(DATA FOR PROCESSING)

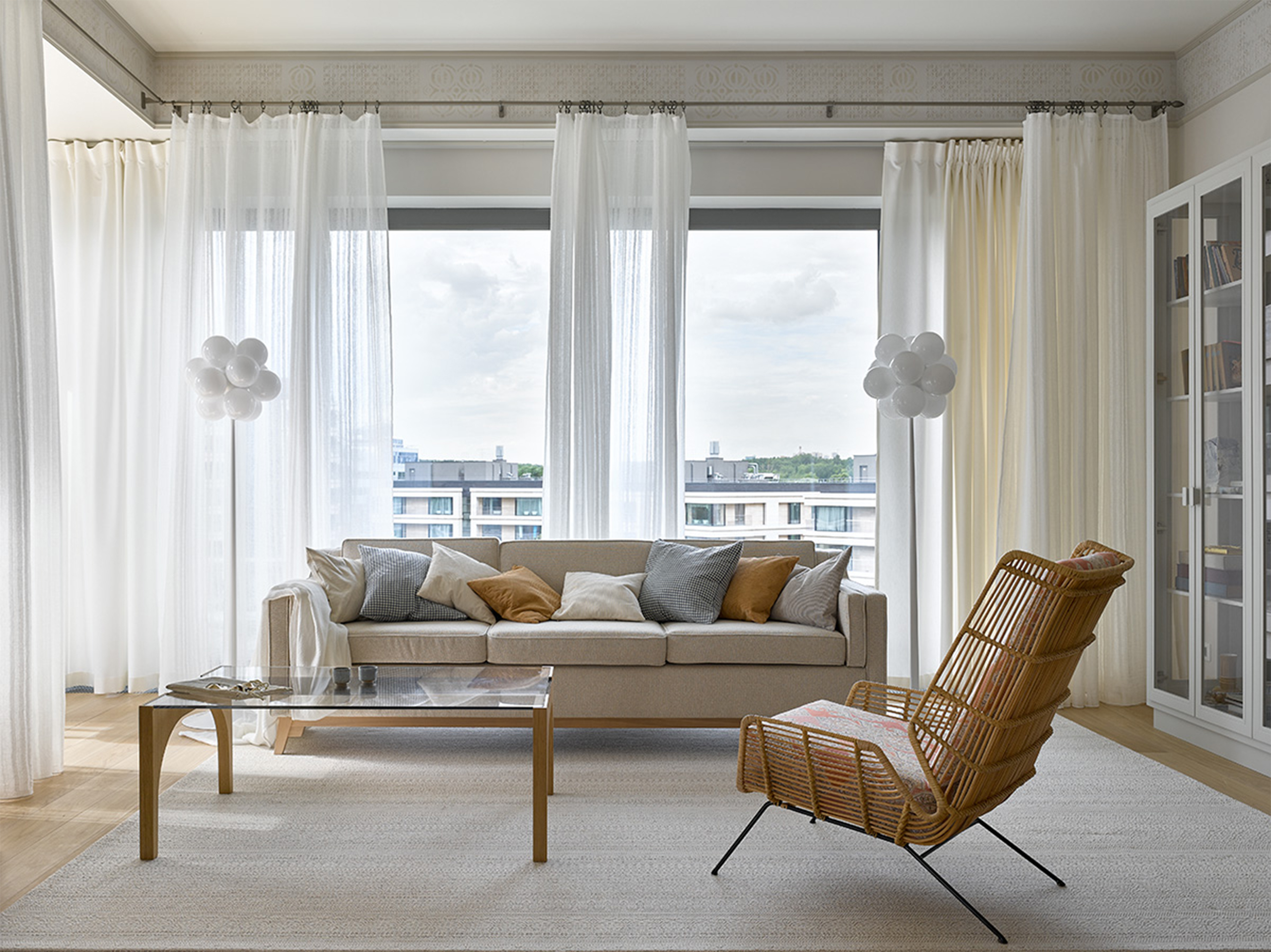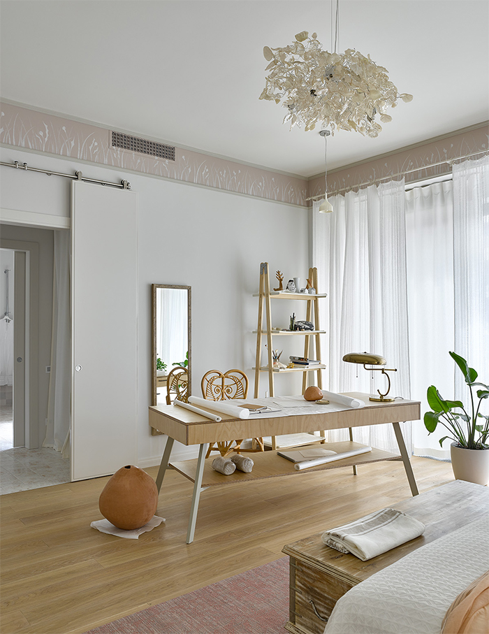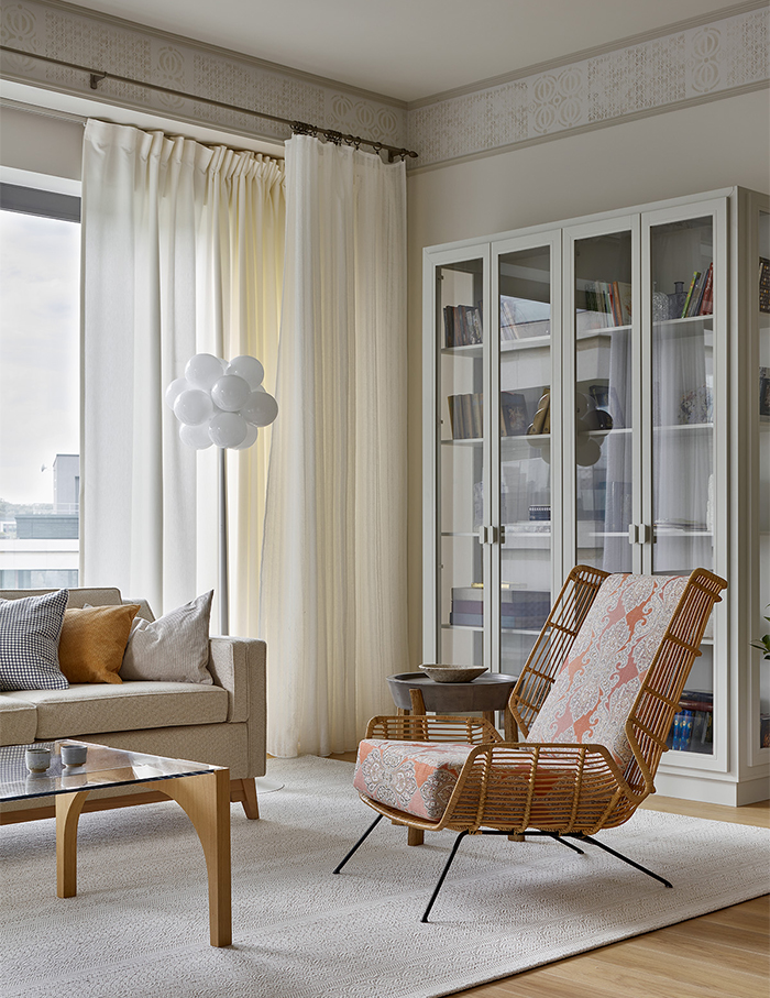 Russian interior designer Yulia Golavskaya and her namesake practice conceptualised this light, breezy and peaceful residence in Moscow as an extension of its inhabitants’ creative sensibilities. The tastefully decorated home for an artistic couple draws from their artworks, while still leaving ample room for them to explore and enhance the setting over time.
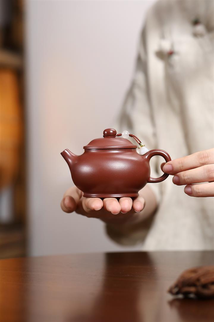 【作品介紹】此款壺形線條流暢,壺把,壺嘴,壺身壹氣呵成栩栩如生,是收藏把玩的好壺,泥料色澤古樸典雅,日久使用,漸露鋒芒,養成變化快,溫潤莊重,用其泡茶,使用的年代久,壺身就溫潤,泡出來的茶湯也就醇郁芳馨。
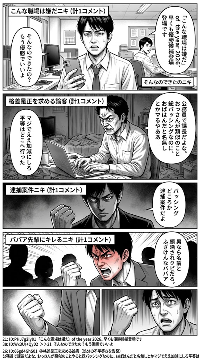 ID:rhYju2cI01氏やID:KS8bwfKH01氏が指摘するように、もし被害者が女性で、加害者が男性上司であったなら、刑事事件として扱われ、実名報道や懲戒解雇は免れなかったでしょう。
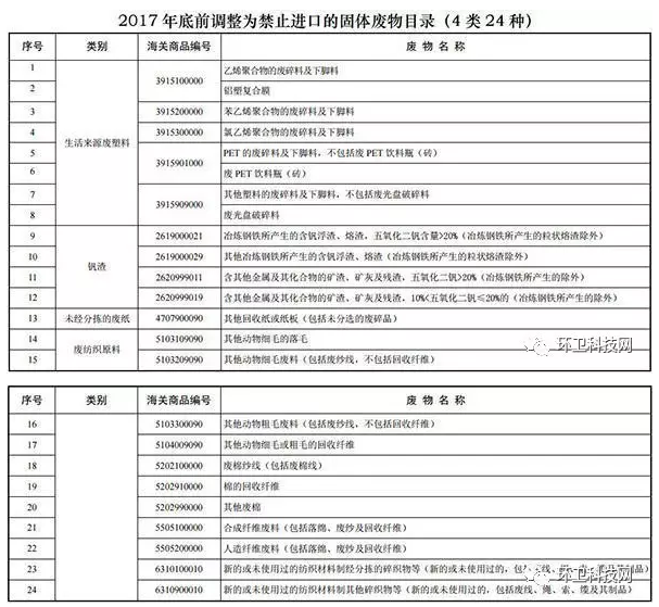 7月18日,環(huán)保部向WTO提交了一份文件,該文件稱,自2017年底開始,中國將禁止4類24種固體廢料的進口,包括生活源廢塑料、釩渣、未分類的廢紙及廢紡織品等等。該通知的擬通過日期待定,擬生效日期則為2017年9月。
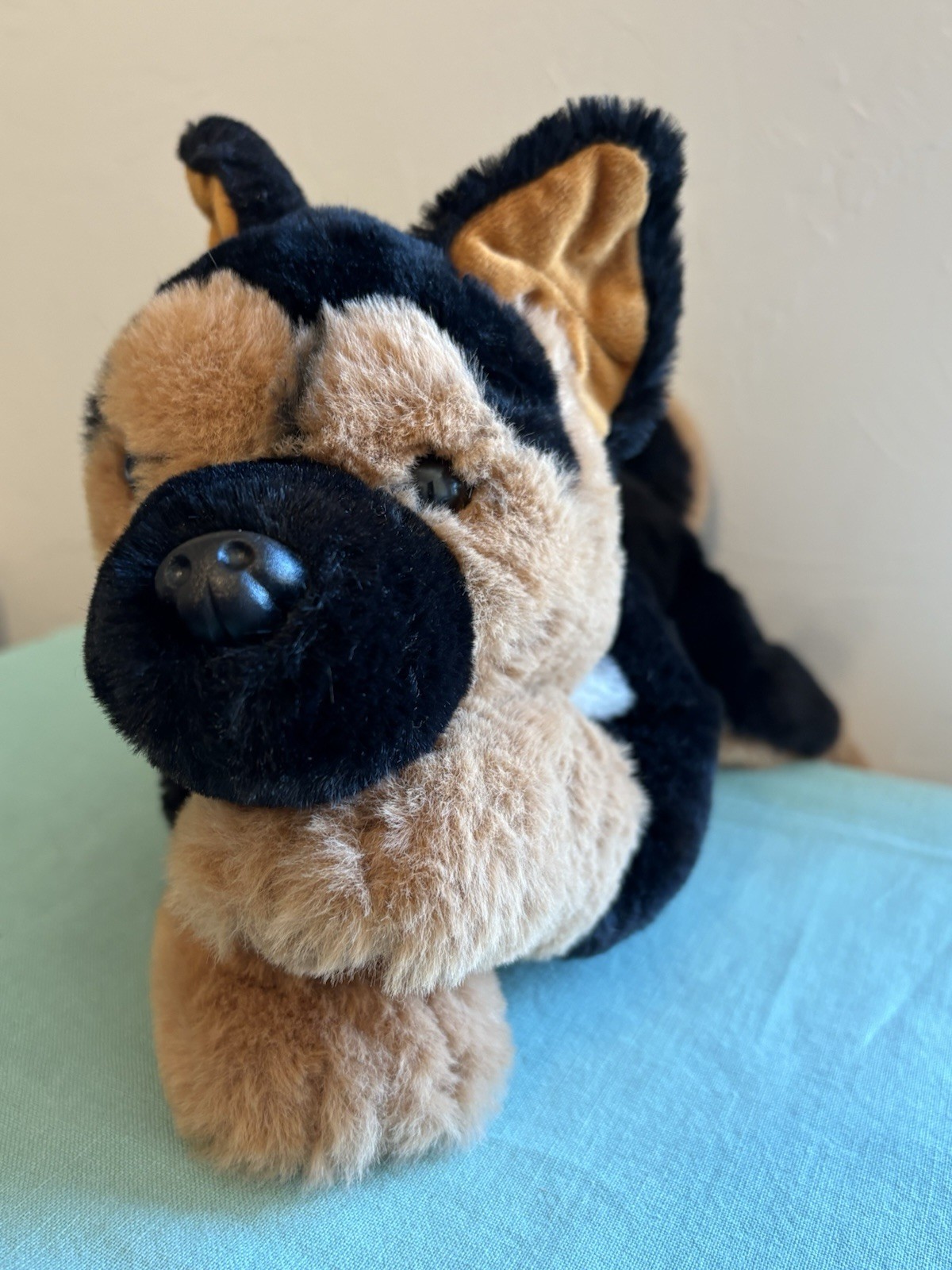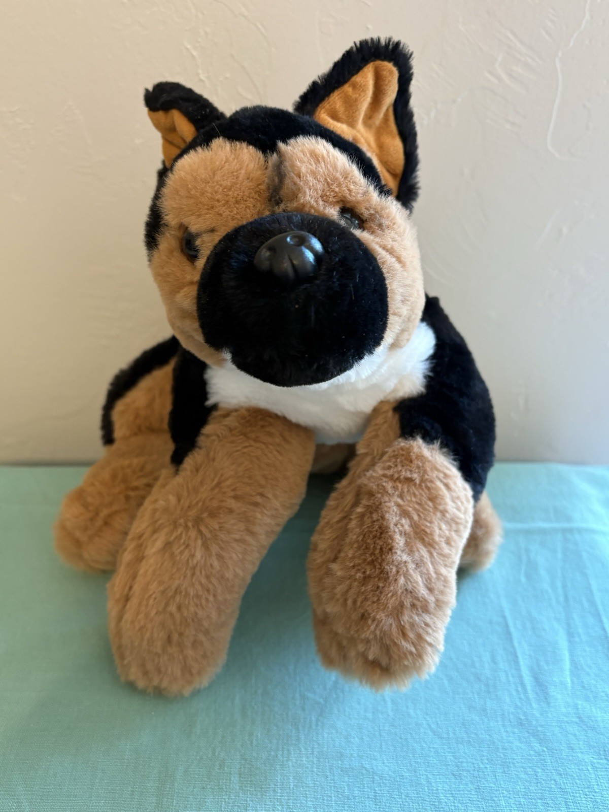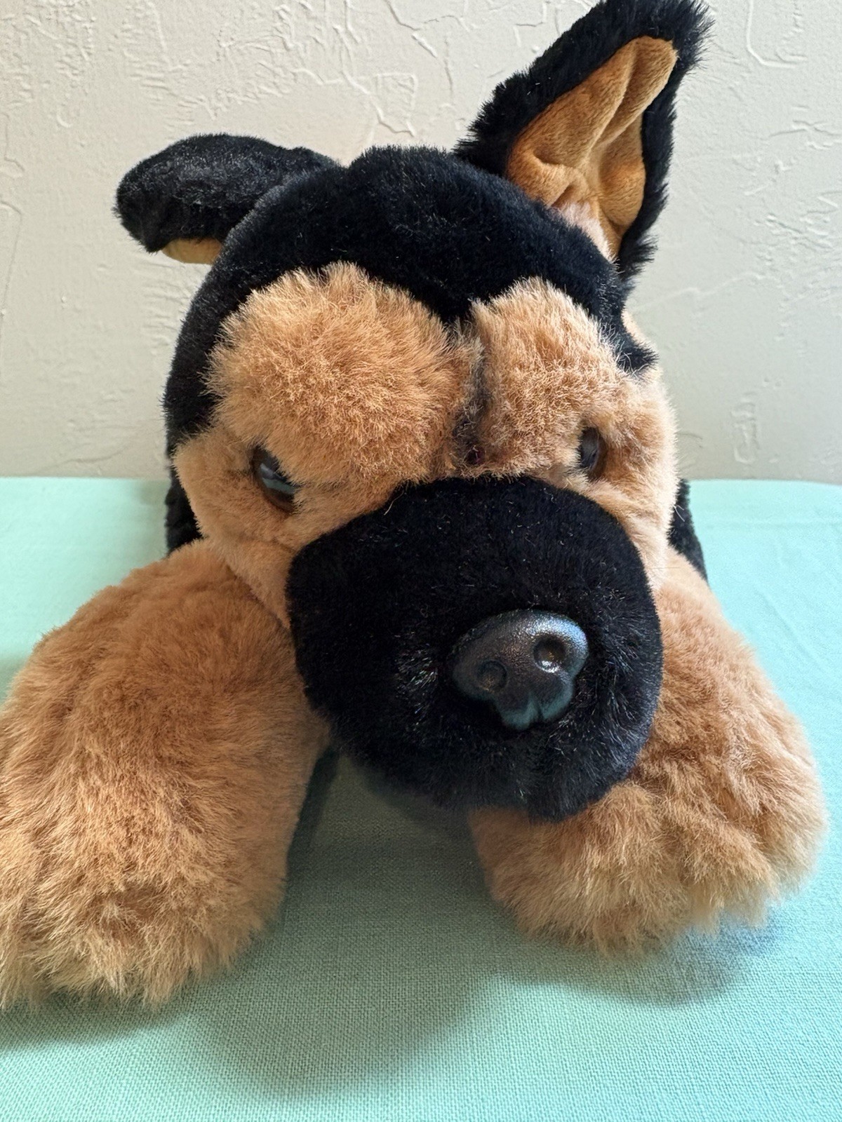FAO Schwarz Black Brown Puppy Fog Soft Plush 14.5 Long White Chest Black Eyes

(End DATA FOR PROCESSING)

#### WHAT YOU WILL DO:
The copy must reproduce every entry exactly while excluding all pictures.

#### OUTPUT OF THE EXERCISE:
 Russian interior designer Yulia Golavskaya and her namesake practice conceptualised this light, breezy and peaceful residence in Moscow as an extension of its inhabitants’ creative sensibilities. The tastefully decorated home for an artistic couple draws from their artworks, while still leaving ample room for them to explore and enhance the setting over time.
 【作品介紹】此款壺形線條流暢,壺把,壺嘴,壺身壹氣呵成栩栩如生,是收藏把玩的好壺,泥料色澤古樸典雅,日久使用,漸露鋒芒,養成變化快,溫潤莊重,用其泡茶,使用的年代久,壺身就溫潤,泡出來的茶湯也就醇郁芳馨。
 ID:rhYju2cI01氏やID:KS8bwfKH01氏が指摘するように、もし被害者が女性で、加害者が男性上司であったなら、刑事事件として扱われ、実名報道や懲戒解雇は免れなかったでしょう。
 7月18日,環(huán)保部向WTO提交了一份文件,該文件稱,自2017年底開始,中國將禁止4類24種固體廢料的進口,包括生活源廢塑料、釩渣、未分類的廢紙及廢紡織品等等。該通知的擬通過日期待定,擬生效日期則為2017年9月。
FAO Schwarz Black Brown Puppy Fog Soft Plush 14.5 Long White Chest Black Eyes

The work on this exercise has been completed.